Task description » Only the lines from the one containing "3806電梯位移編碼器把角位" through the end of the records should be retyped, exactly and including both ends; pictures stay out.

Records drawn from a dataset:

*** Block opens ***

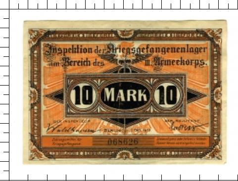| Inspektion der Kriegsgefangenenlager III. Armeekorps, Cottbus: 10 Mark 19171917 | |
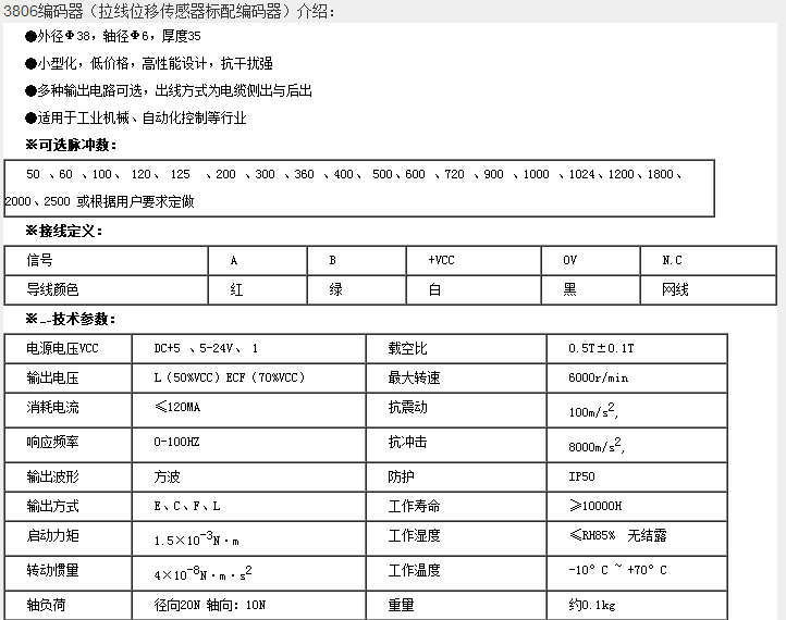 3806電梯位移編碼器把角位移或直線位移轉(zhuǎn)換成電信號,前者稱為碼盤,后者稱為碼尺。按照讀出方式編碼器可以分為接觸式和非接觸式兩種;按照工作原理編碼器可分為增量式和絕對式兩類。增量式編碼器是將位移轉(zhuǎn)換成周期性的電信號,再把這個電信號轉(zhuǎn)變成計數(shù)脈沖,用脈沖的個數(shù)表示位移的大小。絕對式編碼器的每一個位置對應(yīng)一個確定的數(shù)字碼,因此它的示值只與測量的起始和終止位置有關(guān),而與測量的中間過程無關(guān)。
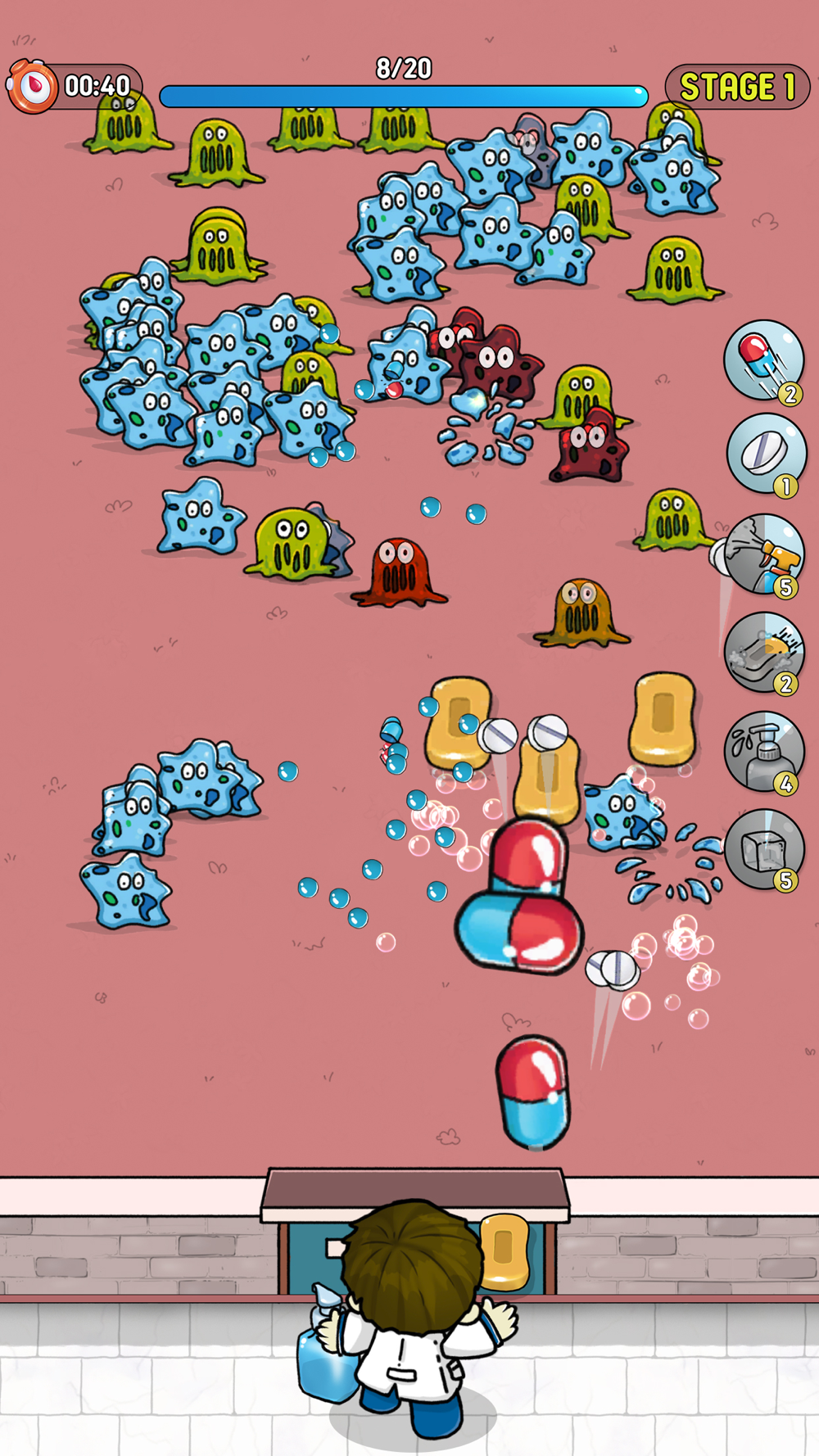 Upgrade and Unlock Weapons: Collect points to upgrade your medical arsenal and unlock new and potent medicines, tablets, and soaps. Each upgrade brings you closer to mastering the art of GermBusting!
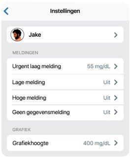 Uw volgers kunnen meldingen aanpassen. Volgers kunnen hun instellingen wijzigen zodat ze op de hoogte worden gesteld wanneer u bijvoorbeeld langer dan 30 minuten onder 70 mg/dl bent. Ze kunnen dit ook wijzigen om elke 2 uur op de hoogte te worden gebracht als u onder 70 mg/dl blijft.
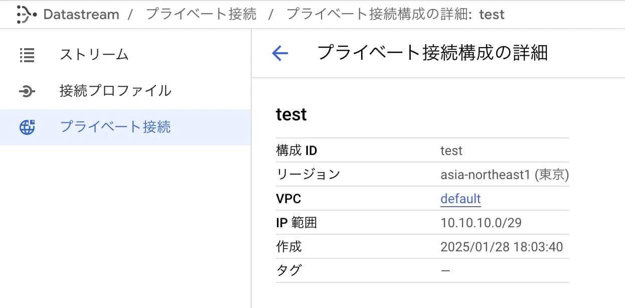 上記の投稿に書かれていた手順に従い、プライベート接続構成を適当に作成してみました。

*** Block closes ***

Reply »
 3806電梯位移編碼器把角位移或直線位移轉(zhuǎn)換成電信號,前者稱為碼盤,后者稱為碼尺。按照讀出方式編碼器可以分為接觸式和非接觸式兩種;按照工作原理編碼器可分為增量式和絕對式兩類。增量式編碼器是將位移轉(zhuǎn)換成周期性的電信號,再把這個電信號轉(zhuǎn)變成計數(shù)脈沖,用脈沖的個數(shù)表示位移的大小。絕對式編碼器的每一個位置對應(yīng)一個確定的數(shù)字碼,因此它的示值只與測量的起始和終止位置有關(guān),而與測量的中間過程無關(guān)。
 Upgrade and Unlock Weapons: Collect points to upgrade your medical arsenal and unlock new and potent medicines, tablets, and soaps. Each upgrade brings you closer to mastering the art of GermBusting!
 Uw volgers kunnen meldingen aanpassen. Volgers kunnen hun instellingen wijzigen zodat ze op de hoogte worden gesteld wanneer u bijvoorbeeld langer dan 30 minuten onder 70 mg/dl bent. Ze kunnen dit ook wijzigen om elke 2 uur op de hoogte te worden gebracht als u onder 70 mg/dl blijft.
 上記の投稿に書かれていた手順に従い、プライベート接続構成を適当に作成してみました。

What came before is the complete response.